My best story involves a job I did in 1976 - my first summer. I was instrument man and back chain and I had a helper that was BS & front chain. Move ahead to just a couple of years ago. Sent the crew out to the same job. Not only did they find my old traverse stations, but every time they set up and checked a backsight distance they were either flat or +/- 0.01. Not too bad.
I am convinced based on my experiences that 99% of the time we were actually achieving the magic 1/10,000 precision.
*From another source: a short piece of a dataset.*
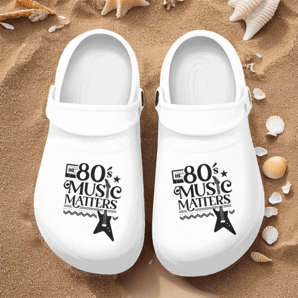 You're searching for a one-of-a-kind product 80s Music Matters Musician Nurse Clogs For Men WHITE belong theme Nurse Clogs at Printblur
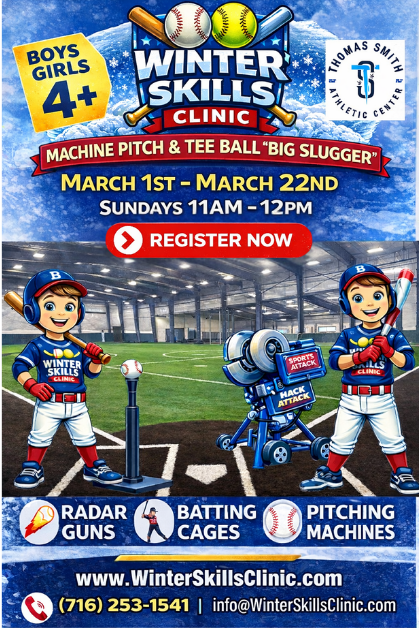 🏟️ WNY’s Premier Baseball Facility (TSAC) – Training at a brand-new, $12M, 35,000 sq ft baseball-specific indoor turf facility built for baseball & softball, not converted soccer fields.

What are your experiences.
My experience is error of closure has little real meaning. You can catch gross error when closure is bad. Other than that, its usefulness is very limited.
Larry P
We did the same in the Army when I was a young 82C. That was with a 30 meter steel tape, using knuckles, temperature correction and a tension scale. Anyone out there remember I-See-O Hall?
We easily got 1:20,000 back and forth over the taping range.
The Gentleman I spoke about had his cloth tape up a slope, over a fence and bent around whatever hedges happened to be in the way. It was quite a sight. I seriously doubt that "breaking chain" is in his vernacular, let alone possible. I didn't really lose it until I watched him set a missing corner with the same care. That corner will be held by those who come behind him.
They will have no clue as to how carelessly that corner was set.
In the late sixties and early seventies, with 30" K&E and 100' babbit 'cut' chains we targeted 1:5000 to 1:7500 for a typical 'rural' section boundary, and usually got there. If we didn't, we were "back out there". 1:10000 wasn't impossible, but required a lot more attention and good field conditions. It wasn't uncommon to be on a boundary for a week or more. We use to chain traverse legs from both directions. We did the very best we could.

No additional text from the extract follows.